Problem statement = In the entries that follow, find the line containing "图二是OG主动选择的Infe" and the line containing "Girls' Spring Style", then retype exactly the lines from the first through the second, pictures excluded.

%%

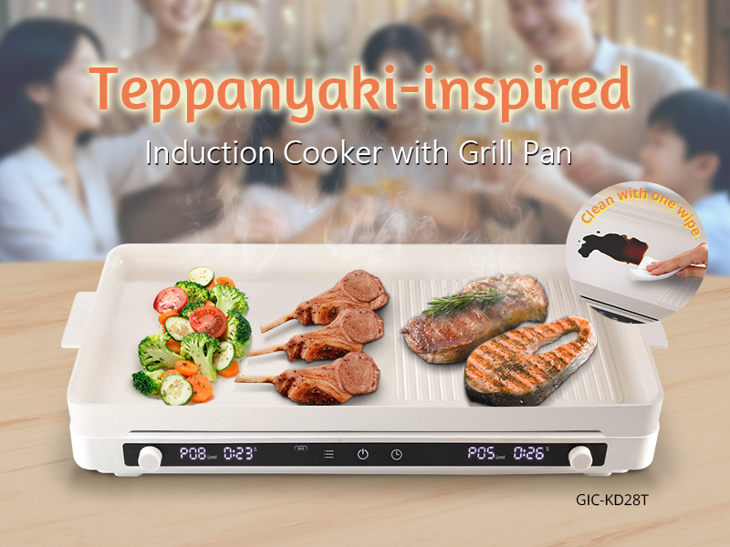 Introducing the all new Free-standing 2-Hob Induction Cooker with Grill Pan (GIC-KD28T) , your perfect cooker for daily meals and home parties! Its ultra-slim 6 cm body is chic and space-saving, not only saving you precious kitchen counter space, it fits perfectly on the dinner table as well! When used together with its complimentary 48 cm extra-wide multifunctional grill pan with lid, the two hobs turn into an all-zone heating surface, together with 2,800 W power, this stylish modern induction cooker is perfect for daily cooking of steaks, lamb racks and even grilled fish, and also perfect for home BBQ parties! The 2 hobs also support all kinds of ferromagnetic cookware, handy for both cooking stews in the kitchen or hotpot at the dinner table!
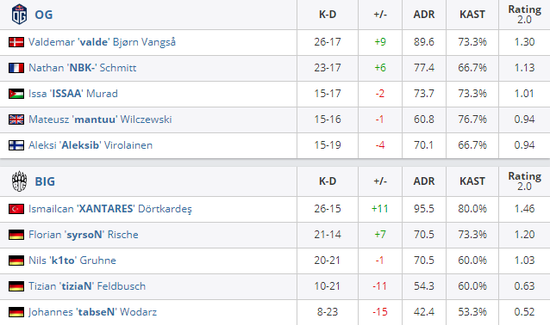 图二是OG主动选择的Inferno,虽然开局BIG取得到了一些优势,但是OG很快就找回节奏,面对OG成体系的爆弹BIG每次都差一口气。半场结束OG 10-5领先。然而双方的实力很接近,BIG进入到进攻方也是大展拳脚,两支战术队的博弈往往是默认控图的点点细雨之后便是一波爆发,在更优质的补枪效率中,BIG逐渐追回了分数。XANTARES再次表现出了顶级枪男的爆发力,最后一个关键局他的突破打开局面,syrsoN大狙三杀帮助BIG终结比赛,2-0带走OG。
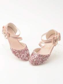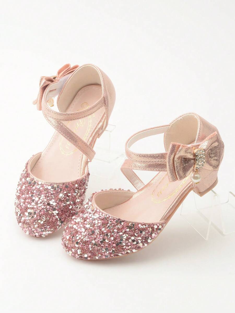Girls' Spring Style High Heel Princess Shoes For Children'S Leather Shoes, Dance Stage Performance Single Shoes With Formal Dress Gold Crystal Shoes
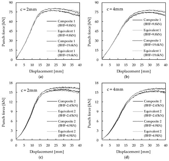 Force vs. displacement of the punch during the square cup forming process, for two values of clearance, c: (a) and (b) Composite 1 and equivalent material 1, for c = 2 mm and 4 mm, respectively; (c) and (d) Composite 2 and equivalent material 2, for c = 4 mm, respectively.
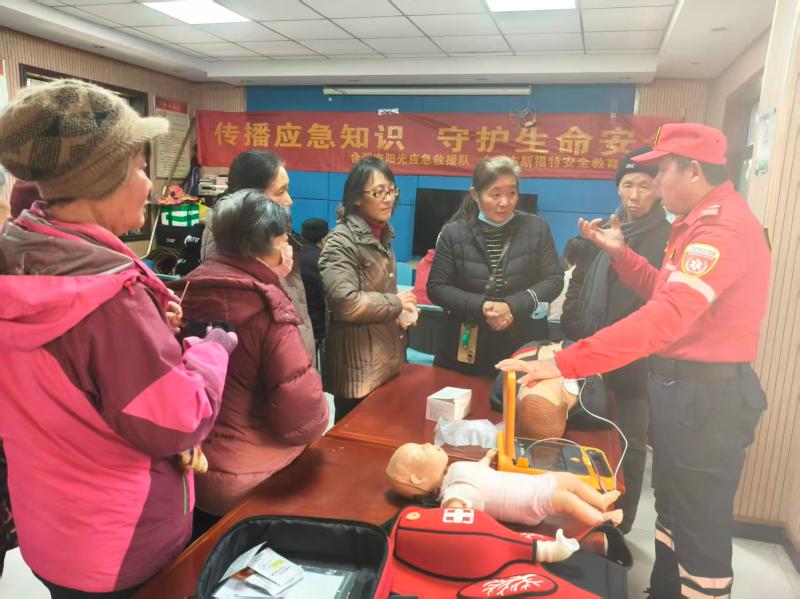 为提升社区居民应急防护能力。近日,庐阳经开区金池社区联合合肥市阳光应急救援队在社区老少活动家园开展应急知识宣讲活动。在活动现场,救援人员围绕心肺复苏(CPR)、海姆立克急救法、外伤止血包扎等常见急救技能向居民们耐心讲解并通过实操演示的方式,详细介绍了急救黄金时间的重要性、操作步骤及注意事项。此次宣讲将应急救援知识送到居民身边,有效增强了社区群众的应急救援意识。(文/谭炎哲 庐阳区人民政府)
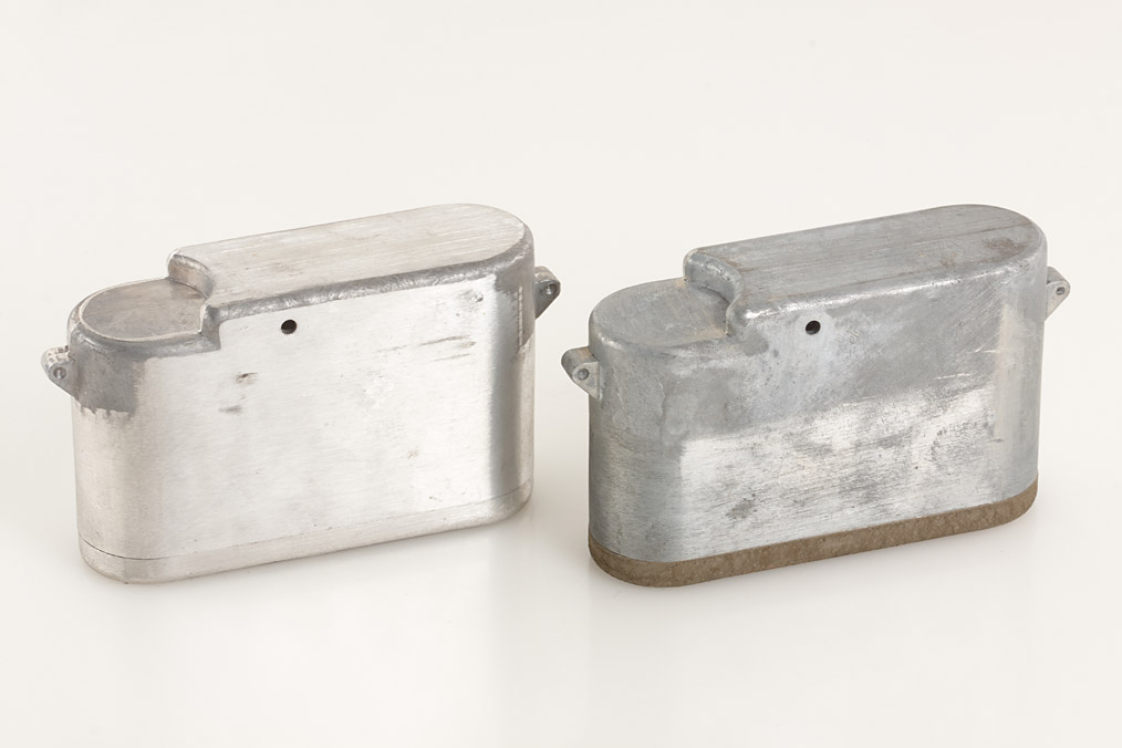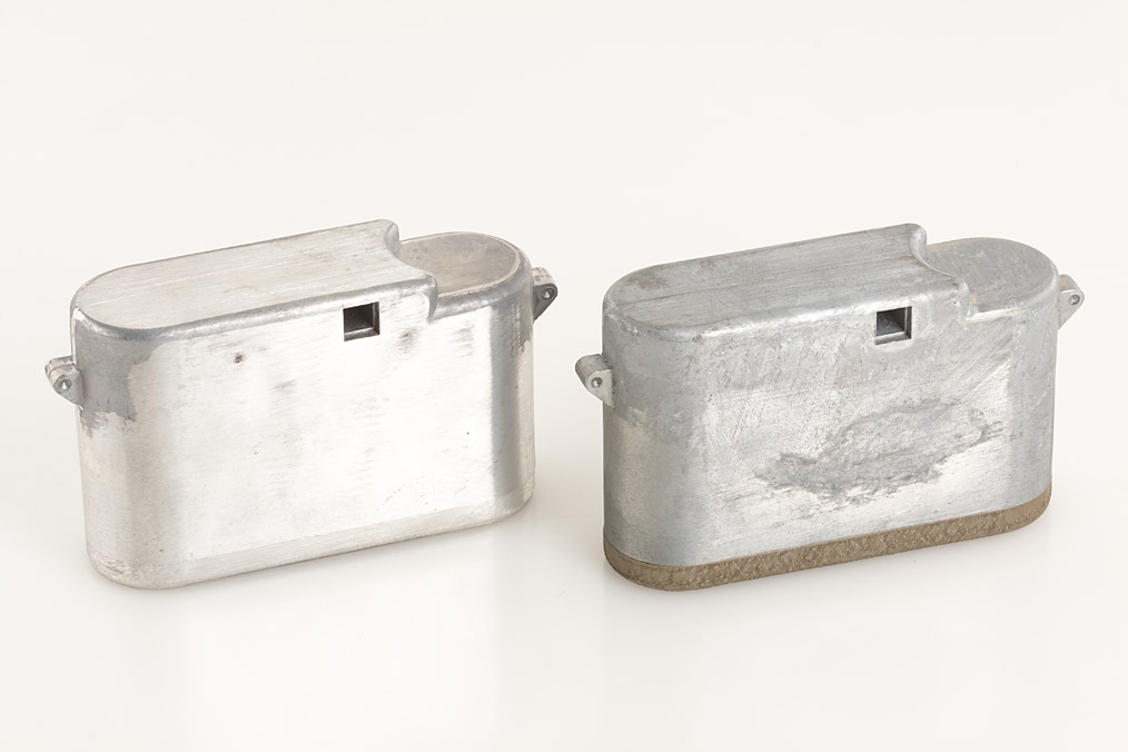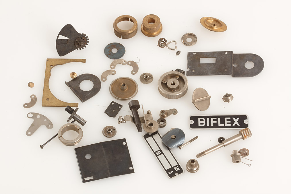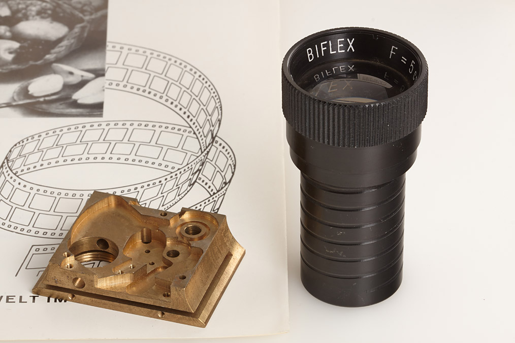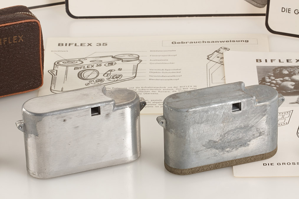 two original metal design prototypes of the famous and rare Swiss subminiature, three original Biflex 35 advertisings (size 22.5x22.5cm), Biflex everready case, film spool, projection lens 1.6/5cm, papers and spare parts

%%

Response to this exercise =
 图二是OG主动选择的Inferno,虽然开局BIG取得到了一些优势,但是OG很快就找回节奏,面对OG成体系的爆弹BIG每次都差一口气。半场结束OG 10-5领先。然而双方的实力很接近,BIG进入到进攻方也是大展拳脚,两支战术队的博弈往往是默认控图的点点细雨之后便是一波爆发,在更优质的补枪效率中,BIG逐渐追回了分数。XANTARES再次表现出了顶级枪男的爆发力,最后一个关键局他的突破打开局面,syrsoN大狙三杀帮助BIG终结比赛,2-0带走OG。
Girls' Spring Style High Heel Princess Shoes For Children'S Leather Shoes, Dance Stage Performance Single Shoes With Formal Dress Gold Crystal Shoes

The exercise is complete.